Data records =
================================

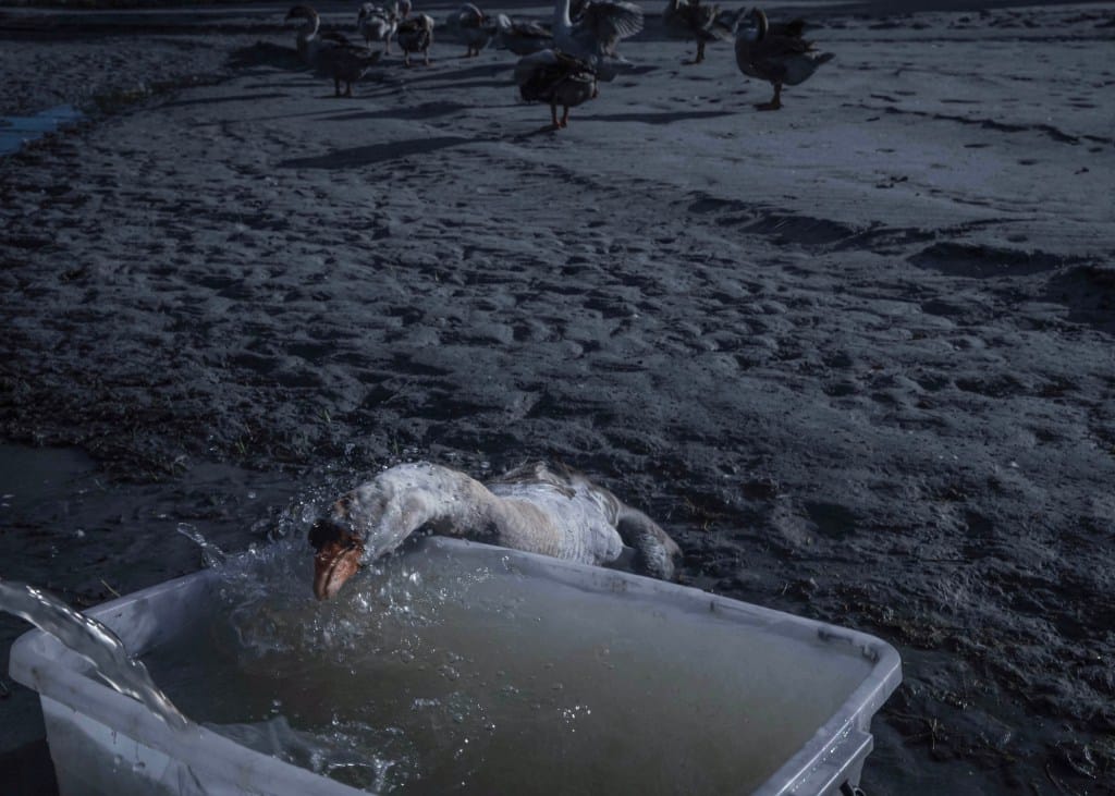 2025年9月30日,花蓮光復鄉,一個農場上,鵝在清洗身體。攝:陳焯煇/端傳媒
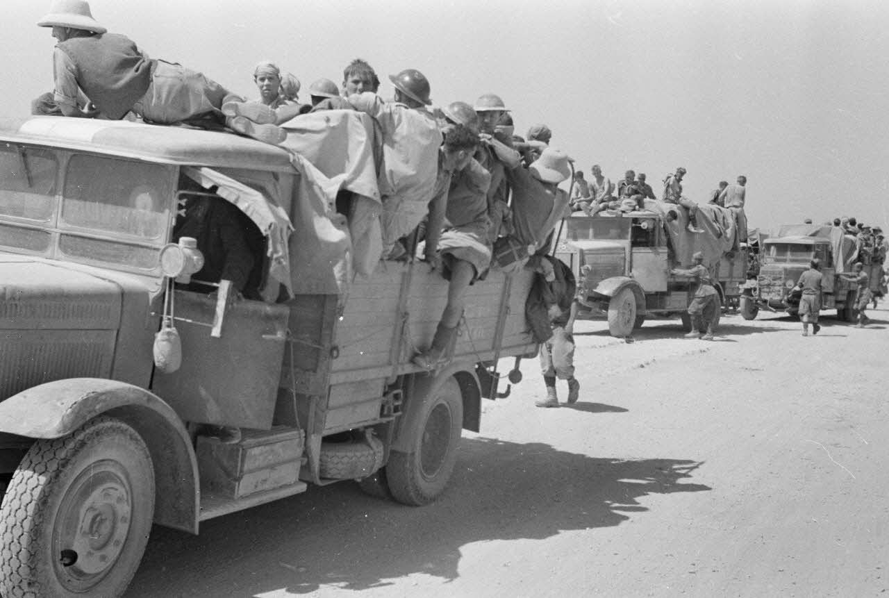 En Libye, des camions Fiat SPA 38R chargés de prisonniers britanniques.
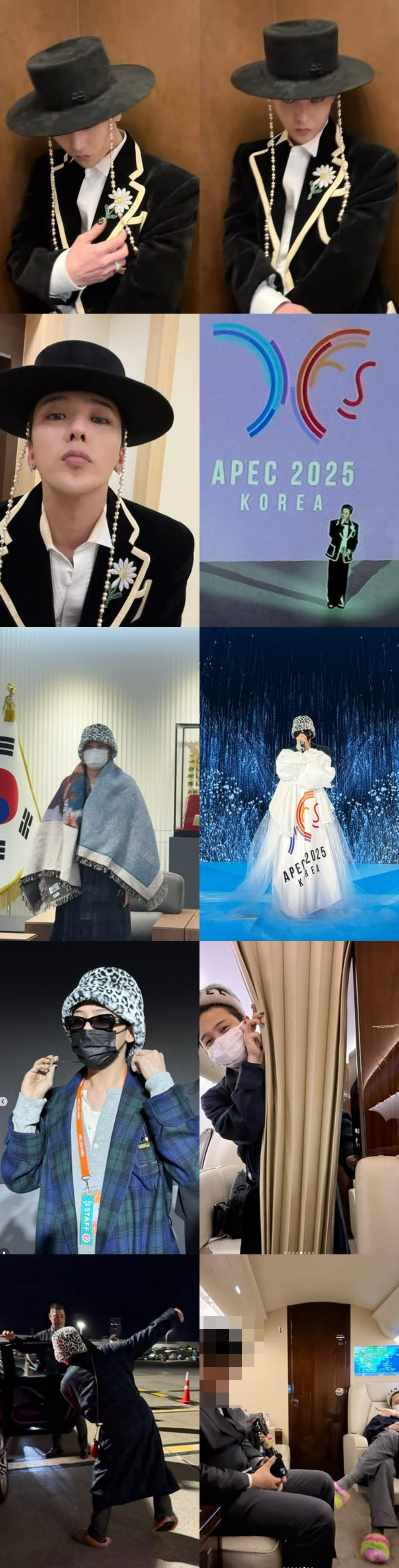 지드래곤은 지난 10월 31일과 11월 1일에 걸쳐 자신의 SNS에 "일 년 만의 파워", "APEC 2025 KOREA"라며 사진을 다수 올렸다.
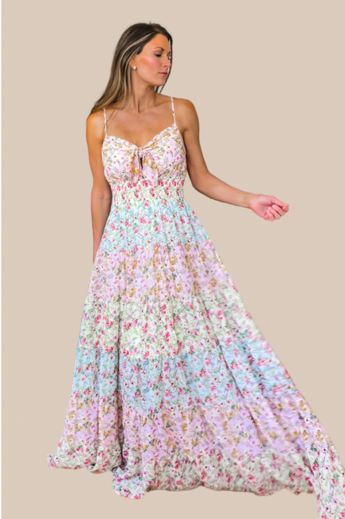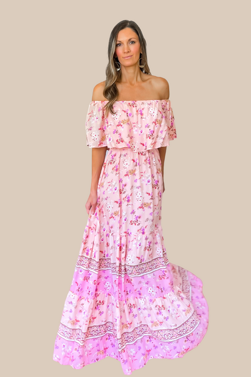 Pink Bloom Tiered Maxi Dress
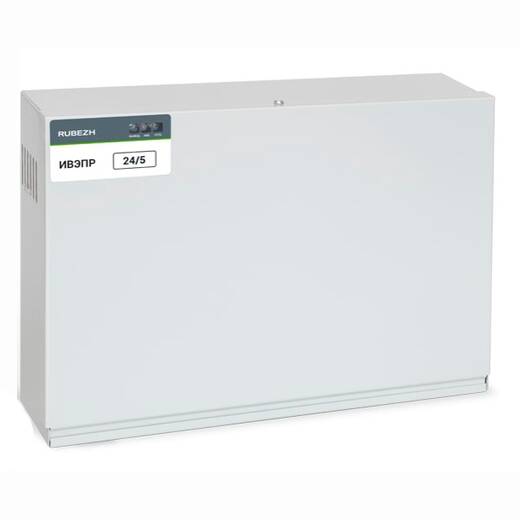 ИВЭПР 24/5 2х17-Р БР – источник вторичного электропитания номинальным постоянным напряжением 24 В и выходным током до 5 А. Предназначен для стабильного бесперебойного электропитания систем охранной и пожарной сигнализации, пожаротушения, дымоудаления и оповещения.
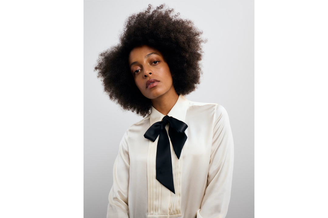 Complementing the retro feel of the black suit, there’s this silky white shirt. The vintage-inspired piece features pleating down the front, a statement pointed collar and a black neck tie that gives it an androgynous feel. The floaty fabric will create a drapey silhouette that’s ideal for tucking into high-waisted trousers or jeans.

================================

Exercise brief = Pictures stay out; reproduce exactly the lines from the one containing "En Libye, des" through the end of the data.

Result =
 En Libye, des camions Fiat SPA 38R chargés de prisonniers britanniques.
 지드래곤은 지난 10월 31일과 11월 1일에 걸쳐 자신의 SNS에 "일 년 만의 파워", "APEC 2025 KOREA"라며 사진을 다수 올렸다.
 Pink Bloom Tiered Maxi Dress
 ИВЭПР 24/5 2х17-Р БР – источник вторичного электропитания номинальным постоянным напряжением 24 В и выходным током до 5 А. Предназначен для стабильного бесперебойного электропитания систем охранной и пожарной сигнализации, пожаротушения, дымоудаления и оповещения.
 Complementing the retro feel of the black suit, there’s this silky white shirt. The vintage-inspired piece features pleating down the front, a statement pointed collar and a black neck tie that gives it an androgynous feel. The floaty fabric will create a drapey silhouette that’s ideal for tucking into high-waisted trousers or jeans.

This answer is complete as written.